▶ _Directions_
Please give back each line below unchanged; none of the pictures should appear.

=== Supplied information ===

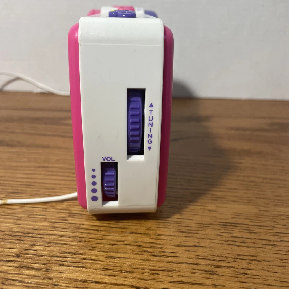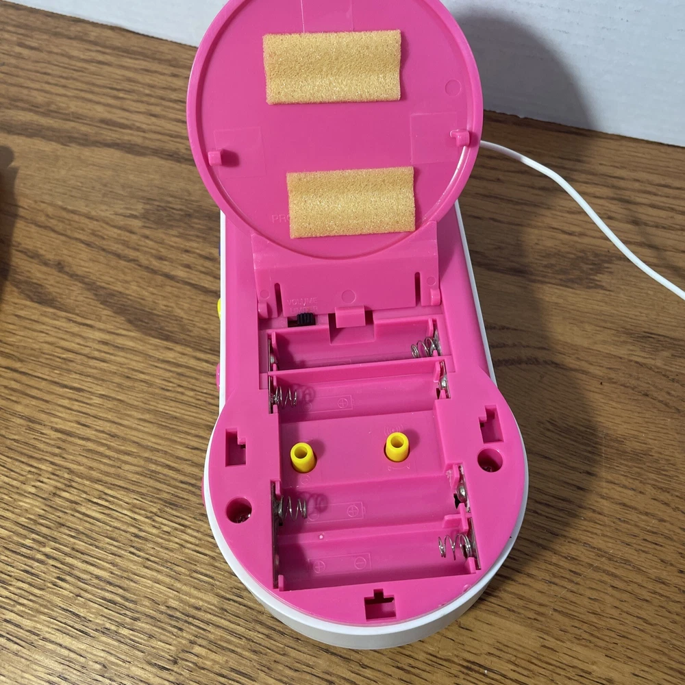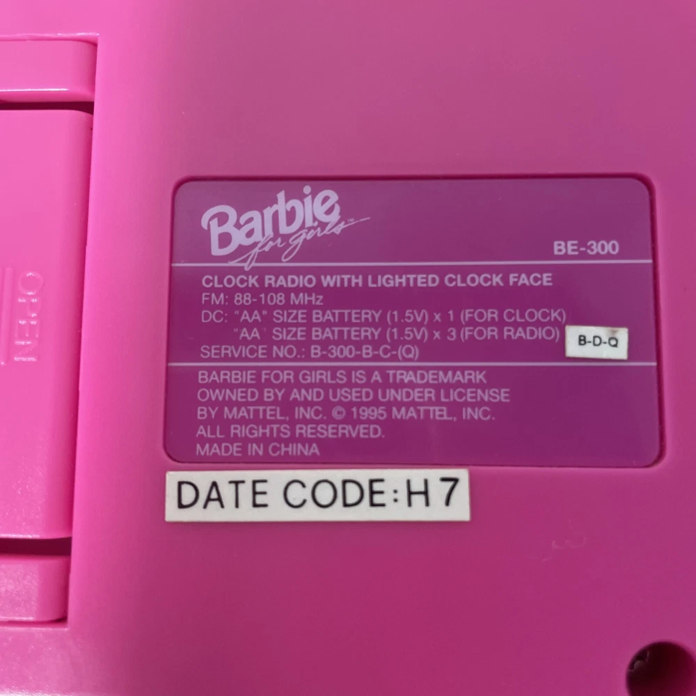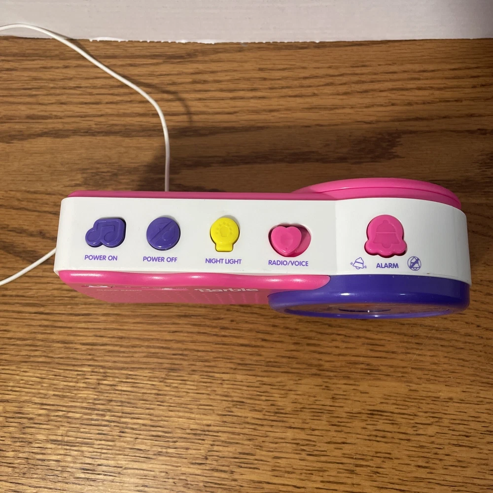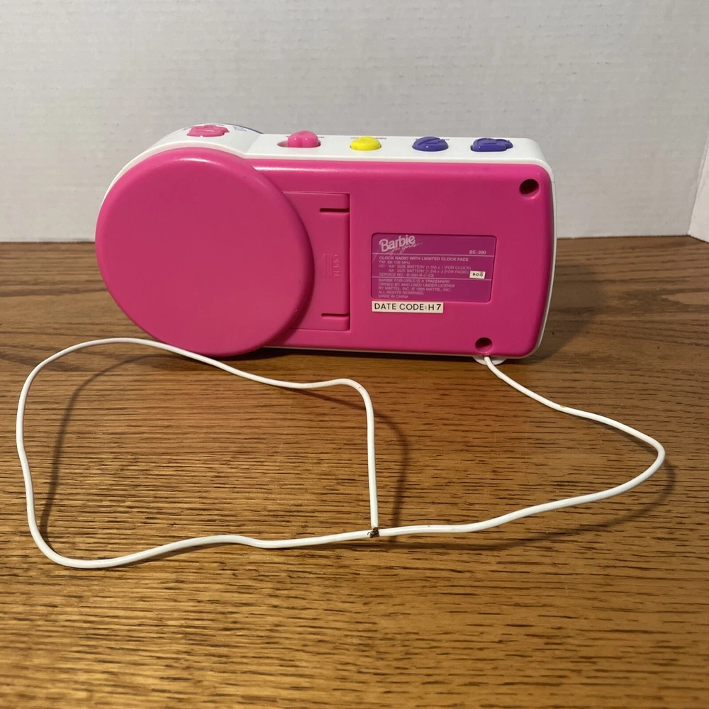 This vintage Barbie clock/FM radio is a must-have for any Barbie collector or fan. Made by Mattel in 1995, it features a lit-up face and alarm function. The clock is battery-powered with a quartz movement and has a multicolor plastic design. The clock radio is in its original, unopened packaging and has not been sure of the chime sequence. It is a great addition to any collection and perfect for teens, girls, and unisex kids who love fashion and vintage/retro style. Features of volume limiter button inside the battery pack. The battery pack has very minimal corrosion doesn’t affect it working. Tested and is working. This will ship without the batteries in great vintage condition.
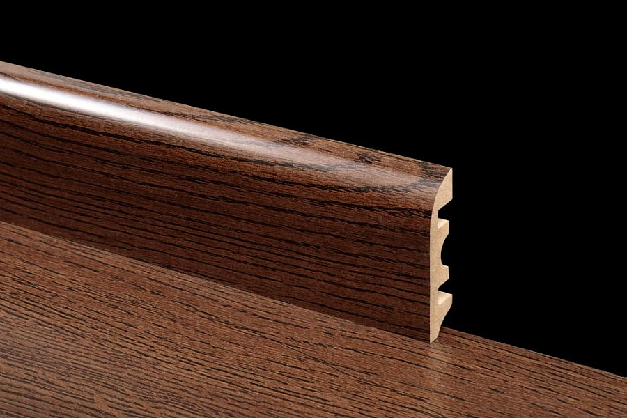 Сделаны плашки из MDF. Этот материал хорошо сочетается с любым стилевым оформлением комнаты, гармонирует с разными настенными, напольными и потолочными покрытиями. Оттенок Темно-коричневый вписывается в разное цветовое оформление пола, становясь тем самым акцентом, который делает напольное покрытие законченным. Плинтус можно укладывать с полами из ламината, линолеума, досок, ковролина, подбирая цвет под оттенок половиц или играя на контрасте.
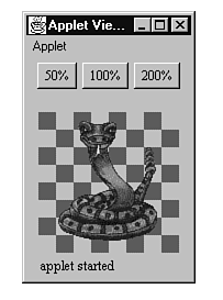 You're now ready to write an applet that can display images. Listing 27.1 is the Java source code for an applet called ImageApplet that displays a small image using the techniques described previously in this chapter. When you run the applet with Appletviewer, you see the window shown in Figure 27.1. Make sure the SNAKE.gif image is in the same directory as the ImageApplet.class file, since that's where the program expects to find it.
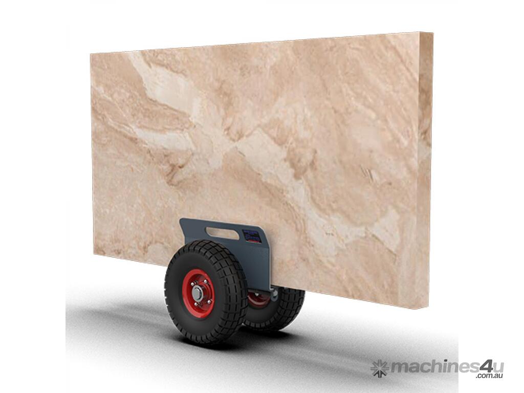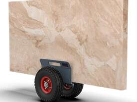 Abaco Self-Locking Dolly is designed for moving stone slabs at work sites. It is made with pneumatic tires to make transporting the slab easier on different moving surfaces.
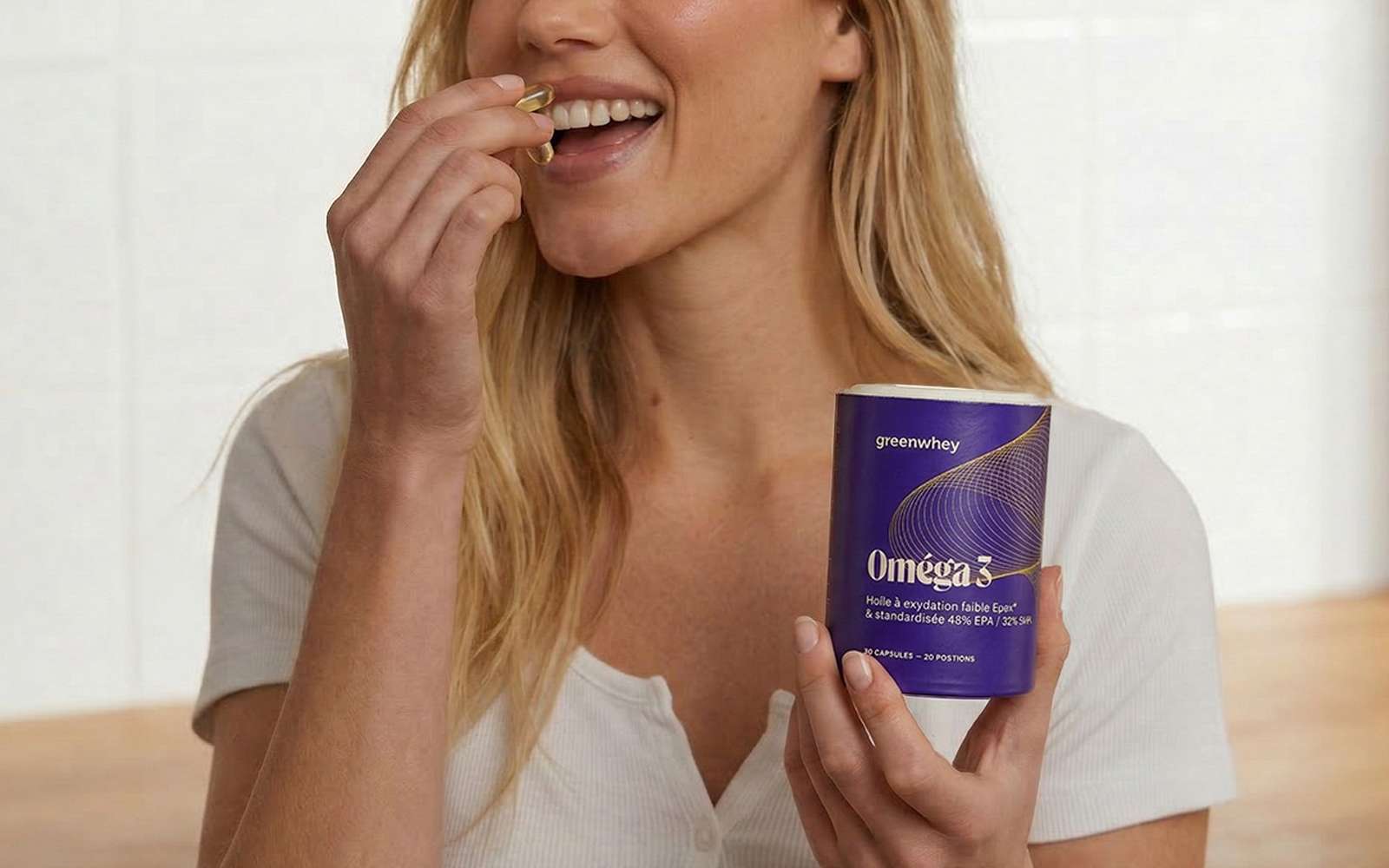 O ômega 3 marinho (EPA e DHA) é o mais diretamente utilizável pelo organismo. A sua concentração é um critério valioso para apoiar a sua escolha. Por exemplo, greenwhey oferece cápsulas altamente dosadas que permitem uma ingestão significativa de ácidos graxos: cada porção contém 2.580 mg de ômega 3, 1.440 mg de EPA e 960 mg de DHA.
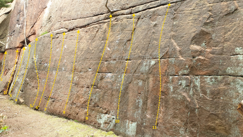 | 11 | Thread Hole | 5 | Start just to the right of an obvious vertical vein with what used to be a thread hole 6’ up the wall. Finish at the break. |
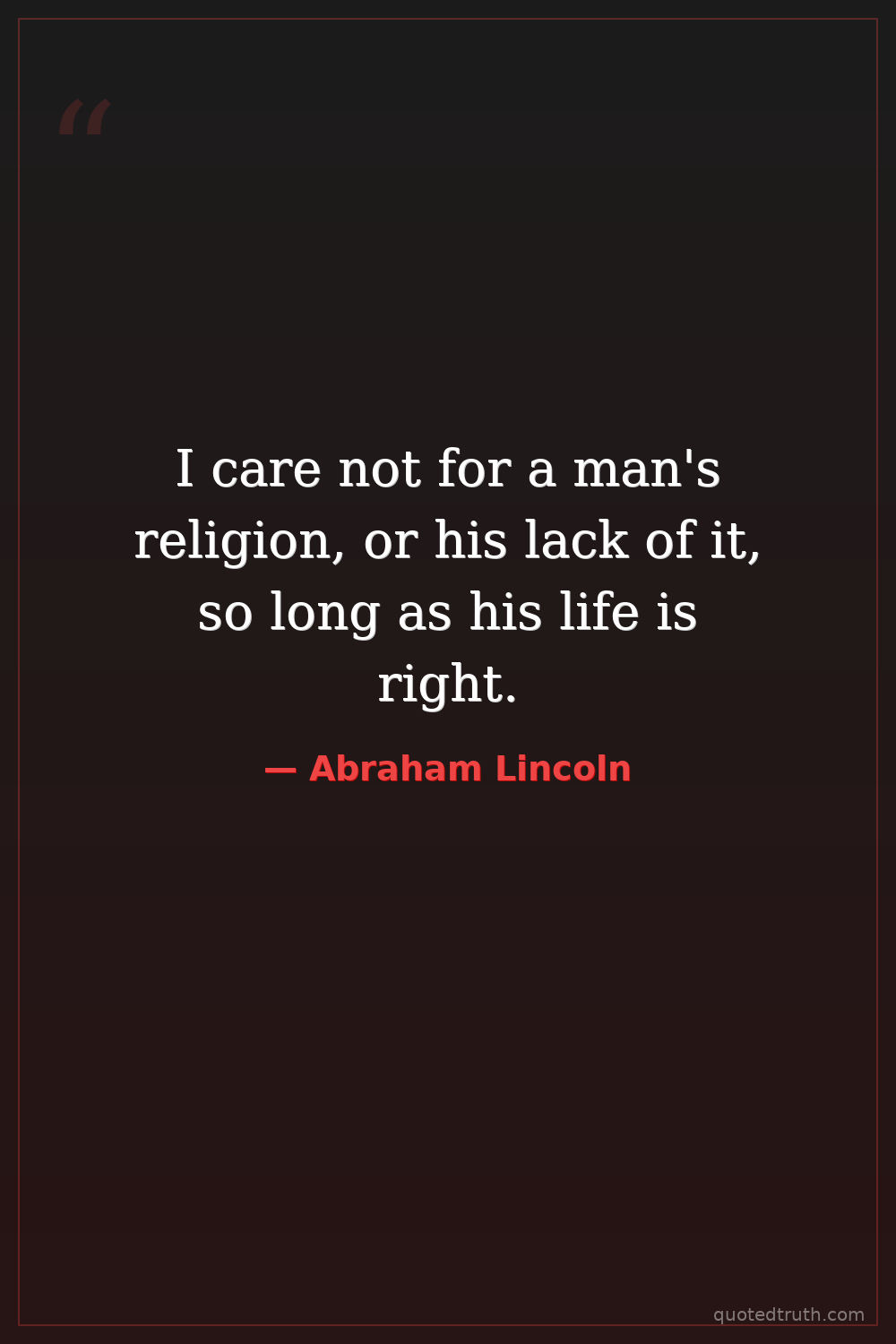 I care not for a man's religion, or his lack of it, so long as his life is right.

===

▶ _Exercise solution_
 This vintage Barbie clock/FM radio is a must-have for any Barbie collector or fan. Made by Mattel in 1995, it features a lit-up face and alarm function. The clock is battery-powered with a quartz movement and has a multicolor plastic design. The clock radio is in its original, unopened packaging and has not been sure of the chime sequence. It is a great addition to any collection and perfect for teens, girls, and unisex kids who love fashion and vintage/retro style. Features of volume limiter button inside the battery pack. The battery pack has very minimal corrosion doesn’t affect it working. Tested and is working. This will ship without the batteries in great vintage condition.
 Сделаны плашки из MDF. Этот материал хорошо сочетается с любым стилевым оформлением комнаты, гармонирует с разными настенными, напольными и потолочными покрытиями. Оттенок Темно-коричневый вписывается в разное цветовое оформление пола, становясь тем самым акцентом, который делает напольное покрытие законченным. Плинтус можно укладывать с полами из ламината, линолеума, досок, ковролина, подбирая цвет под оттенок половиц или играя на контрасте.
 You're now ready to write an applet that can display images. Listing 27.1 is the Java source code for an applet called ImageApplet that displays a small image using the techniques described previously in this chapter. When you run the applet with Appletviewer, you see the window shown in Figure 27.1. Make sure the SNAKE.gif image is in the same directory as the ImageApplet.class file, since that's where the program expects to find it.
 Abaco Self-Locking Dolly is designed for moving stone slabs at work sites. It is made with pneumatic tires to make transporting the slab easier on different moving surfaces.
 O ômega 3 marinho (EPA e DHA) é o mais diretamente utilizável pelo organismo. A sua concentração é um critério valioso para apoiar a sua escolha. Por exemplo, greenwhey oferece cápsulas altamente dosadas que permitem uma ingestão significativa de ácidos graxos: cada porção contém 2.580 mg de ômega 3, 1.440 mg de EPA e 960 mg de DHA.
 | 11 | Thread Hole | 5 | Start just to the right of an obvious vertical vein with what used to be a thread hole 6’ up the wall. Finish at the break. |
 I care not for a man's religion, or his lack of it, so long as his life is right.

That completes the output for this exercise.